6.  After you have read the passage ask students to tell you what they saw in their heads. Ask them to tell you about their barn. It is not important that they have all or even most of the animals and objects in their barn mentioned in the passage. What is important is that they are able to see a barn. Their barns may include elements not mentioned in the passage.

If students have a hard time describing their barn, model what you see for them. I might say, “I see a big, old wooden barn with peeling red paint. It has huge double doors on the front of it and these doors are wide open. The barn is in the middle of a tree filled meadow and a very soft breeze is making the branches of the trees sway.”

Then give students a chance to share again after your modeling.
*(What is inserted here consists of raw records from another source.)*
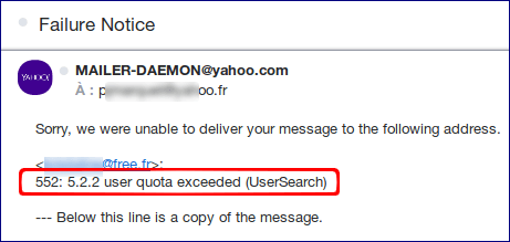 Si vous recevez un mail de réponse du serveur distant : 552 5.2 2 user quota exceeded usersearch, cela signifie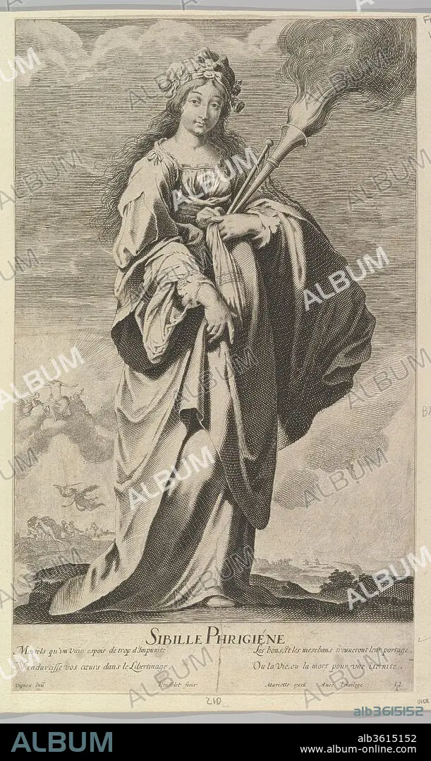 Sibylle Phrygienne. Artist: Abraham Bosse (French, Tours 1602/1604-1676 Paris); Gilles Rousselet (French, Paris 1614-1686 Paris); After Claude Vignon (French, Tours 1593-1670 Paris). Dimensions: sheet: 14 1/8 x 8 7/16 in. (35.8 x 21.5 cm). Publisher: Published by Pierre Mariette (French, 1596-1657). Series/Portfolio: Douze Sibylles. Date: ca. 1635.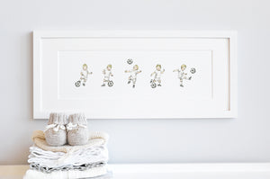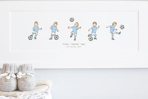 The perfect framed personalised children's football fan gift for any little footballer, choose a boy or girl team player, and represent your club kit with custom strip colours to make this a truly personal picture for a newborn baby, christening, kid's birthday or even father's Day. So whether you support Arsenal, Chelsea, Liverpool F.C, Manchester United, Man City, Newcastle, Tottenham Hotspur or you root for a competitive under dog football club, this custom framed children’s footballer wall art print is sure to be a key piece in a child's bedroom decor.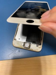 このフレーム部分は、決して弱い圧着ではないのですが、衝撃や圧力が加わると剥がれてしまいます。一部分が分離してしまい、浮いている状態で修理依頼を頂くことは多いですが、今回のようにフレーム全てがフロントパネルから剥がれているのは、非常にまれです。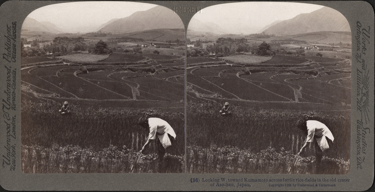 Stereobild av arbetare på risfält på slätterna invid Kumamoto, med vulkanen Aso-san i bakgrunden.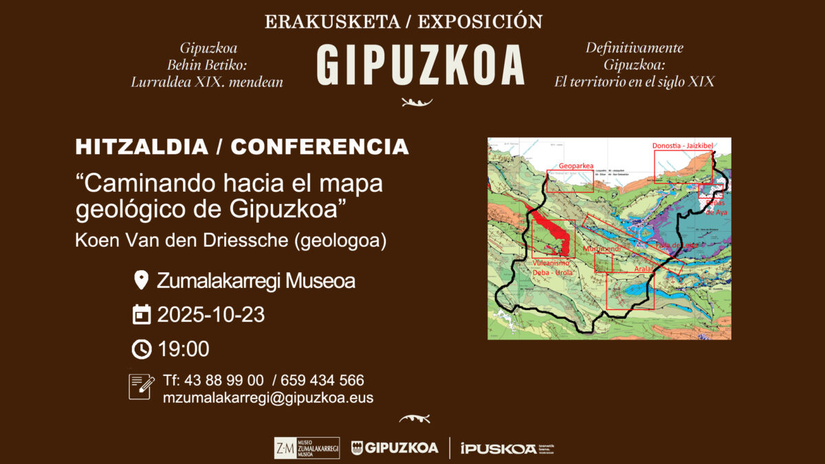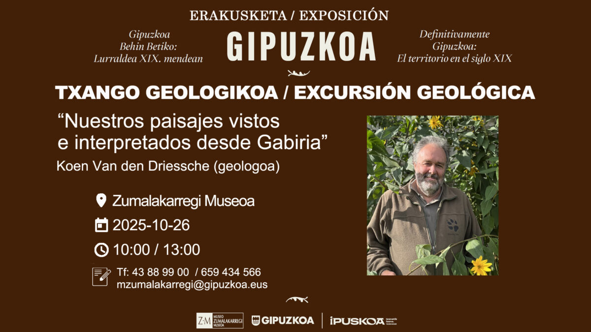 Koen Van de Driessche geologoa. Urriaren 23an, 19:00etan, Gipuzkoako mapa geologikorantz bidaiatzen hitzaldia izango da Ormaiztegiko Zumalarregi museoan, Gipuzkoa behin betikoa: Lurraldea XIX. mendean erakusketaren harira. Hizlaria: Koen Van de Driessche geologoa. Urriaren 26an (10:00-13:00) txango gidatua egingo dute Gabiriara.

7.  Student will use a drawing they have created from visualizing the passage as their interpretation. After students have drawn their picture have them share with a neighbor and give each other comments. Then have a few students share their drawings with the class. Now you are going to do a small vocabulary lesson. Choose a few words from the passages we just read or ones they are going to read to better help them understand what is going on. Explain to the students the importance of knowing what words mean in order to help you fully comprehend texts.  Pick about 8 words and have their definitions on chart paper and talk about each one with the students.  Then play a review game, such as vocabulary bingo or something fun that will engage them with new words and their meanings.

8.  For assessment I will look at the student’s drawings and descriptions of the passage.  Also I will assess their discussion points during the lesson and drawings from the passages.